◆ **WORK INSTRUCTIONS**
What is needed is an exact reproduction of the listing, without its pictures.

◆ **INFORMATION SHOWN**
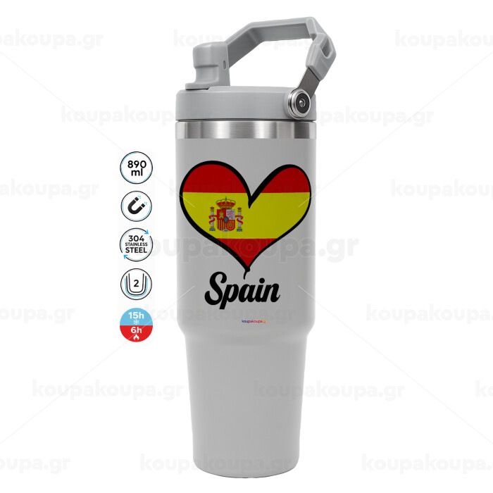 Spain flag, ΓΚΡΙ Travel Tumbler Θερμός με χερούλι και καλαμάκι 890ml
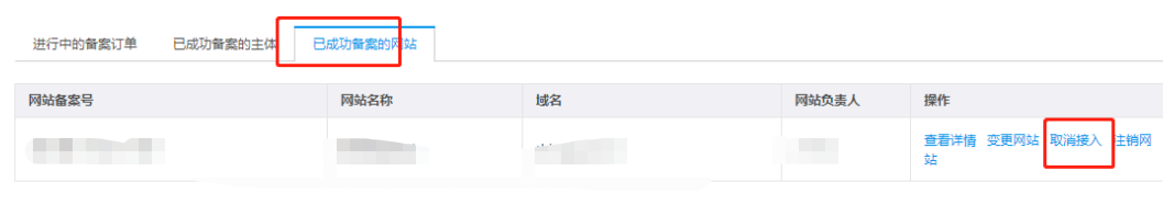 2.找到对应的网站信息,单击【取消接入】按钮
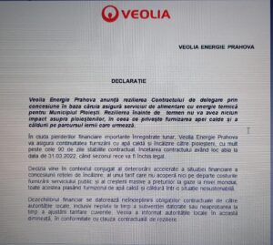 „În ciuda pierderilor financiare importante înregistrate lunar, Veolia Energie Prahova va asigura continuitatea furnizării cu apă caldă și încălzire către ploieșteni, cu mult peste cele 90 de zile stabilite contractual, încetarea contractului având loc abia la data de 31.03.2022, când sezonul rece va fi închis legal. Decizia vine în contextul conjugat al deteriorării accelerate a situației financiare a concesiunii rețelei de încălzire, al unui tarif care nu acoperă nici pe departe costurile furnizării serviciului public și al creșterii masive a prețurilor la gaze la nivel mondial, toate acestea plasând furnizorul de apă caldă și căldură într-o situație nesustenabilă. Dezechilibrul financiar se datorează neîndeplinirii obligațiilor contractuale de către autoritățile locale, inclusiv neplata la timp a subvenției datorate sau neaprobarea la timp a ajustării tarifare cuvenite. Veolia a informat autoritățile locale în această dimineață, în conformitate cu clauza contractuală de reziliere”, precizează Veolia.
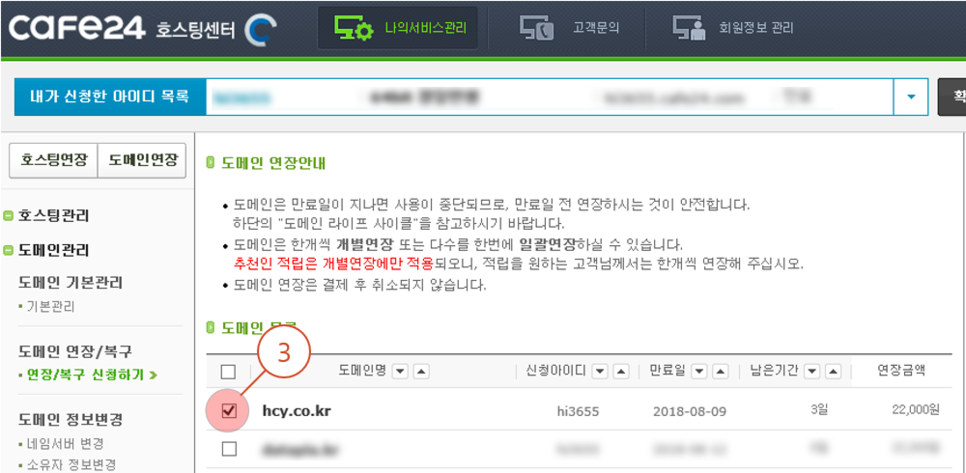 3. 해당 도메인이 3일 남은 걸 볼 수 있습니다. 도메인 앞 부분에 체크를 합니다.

◆ **ANSWER AREA**
 Spain flag, ΓΚΡΙ Travel Tumbler Θερμός με χερούλι και καλαμάκι 890ml
 2.找到对应的网站信息,单击【取消接入】按钮
 „În ciuda pierderilor financiare importante înregistrate lunar, Veolia Energie Prahova va asigura continuitatea furnizării cu apă caldă și încălzire către ploieșteni, cu mult peste cele 90 de zile stabilite contractual, încetarea contractului având loc abia la data de 31.03.2022, când sezonul rece va fi închis legal. Decizia vine în contextul conjugat al deteriorării accelerate a situației financiare a concesiunii rețelei de încălzire, al unui tarif care nu acoperă nici pe departe costurile furnizării serviciului public și al creșterii masive a prețurilor la gaze la nivel mondial, toate acestea plasând furnizorul de apă caldă și căldură într-o situație nesustenabilă. Dezechilibrul financiar se datorează neîndeplinirii obligațiilor contractuale de către autoritățile locale, inclusiv neplata la timp a subvenției datorate sau neaprobarea la timp a ajustării tarifare cuvenite. Veolia a informat autoritățile locale în această dimineață, în conformitate cu clauza contractuală de reziliere”, precizează Veolia.
 3. 해당 도메인이 3일 남은 걸 볼 수 있습니다. 도메인 앞 부분에 체크를 합니다.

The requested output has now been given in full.